A judged delayed Maria Butina’s sentencing hearing last week. The professed Russian spy, who ingratiated herself with the National Rifle Association and high-powered GOP figures, has been in custody since July. A federal judge said that her plea agreement requires her to continue cooperating with the government, and pushed back her sentencing hearing to the end of March.

Families of victims who died in the shooting in Sutherland Springs, Texas, are suing the store that sold the weapon used in the massacre. Seeking $1 million per family, they argue that Academy Sports & Outdoors illegally sold the assault-style rifle and ammunition to Devin Kelley, who showed a Colorado ID when buying the weapon. High-capacity guns are banned in Colorado. Last month, a judge ruled that the lawsuit could proceed on these grounds.

A murder-suicide left three people dead in a Northern Virginia home on Saturday. Reports indicate that up to 10 people, including a 2-year-old, were in the house in Springfield when Santos Vladimir Ralda, 45, got into an argument with his wife Floridalma Youlanda Perez Diaz, 40, and 20-year-old Nathanael Owen Cooper and fatally shot both of them and then himself. No one else in the house appears to have been hurt.

ONE LAST THING

Survivors of shootings and other violent crime want perpetrators held accountable — but not necessarily incarcerated. New York Times writer Michelle Alexander devoted her Sunday column to exploring the concept of restorative justice, an alternative to the traditional prison system.
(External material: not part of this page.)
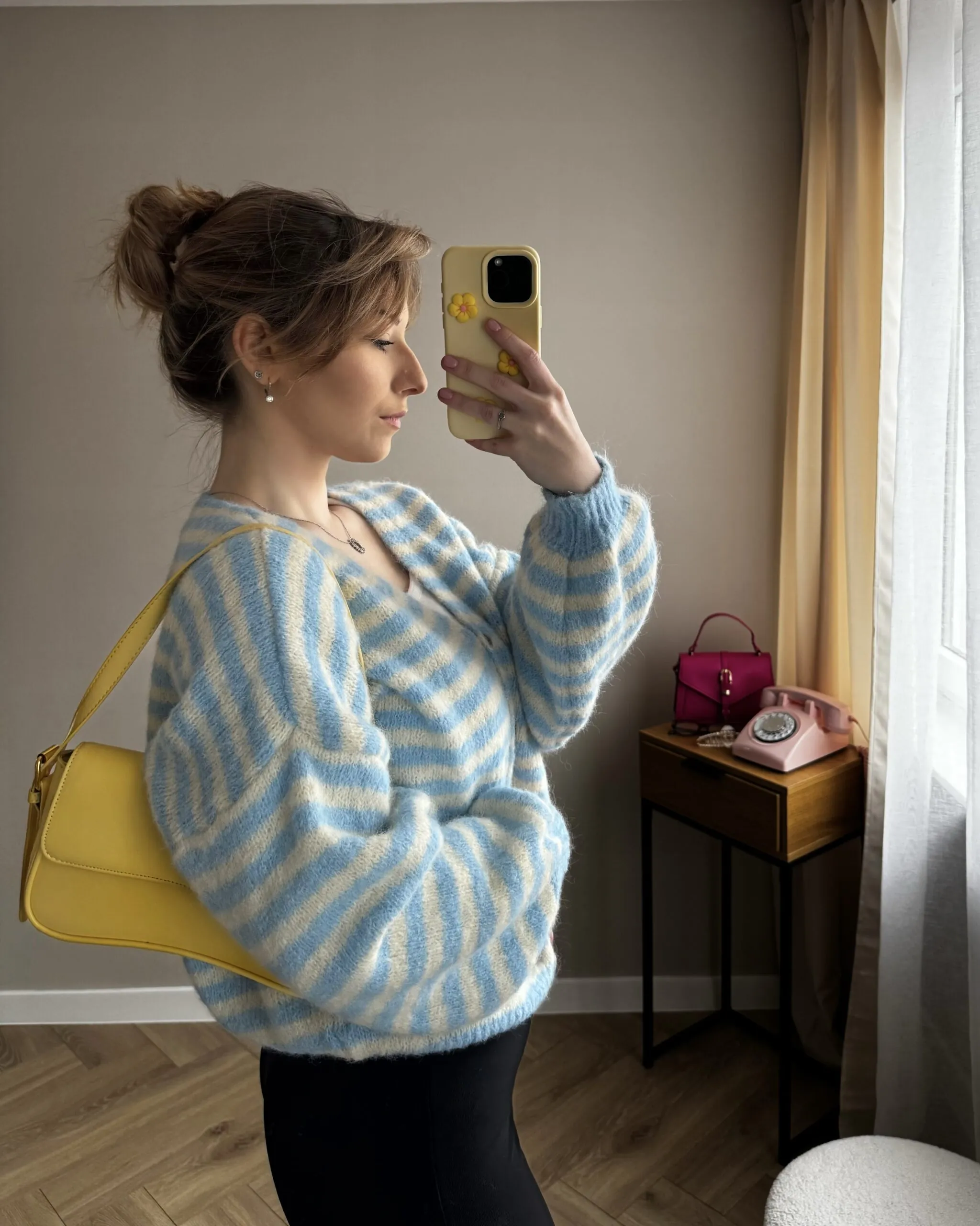 Wyjątkowo miękki i kobiecy model, który przyciąga uwagę pastelowym połączeniem. Delikatna, puszysta dzianina otula sylwetkę, a luźniejszy fason zapewnia komfort noszenia i swobodę. Subtelne paski nadają mu lekkości i świeżości, idealnej na wiosenne stylizacje.

In her column, Alexander zeroes in on a theme we’ve explored a lot at The Trace: That violence is often driven by retribution for unsolved shootings and/or after exposure to other violence. Last month, we published an investigation that showed how a city’s systemic failure to solve gun crimes fuels ever-growing cycles of violence, leaves shooters free to strike again, and drives some victims to seek their own justice.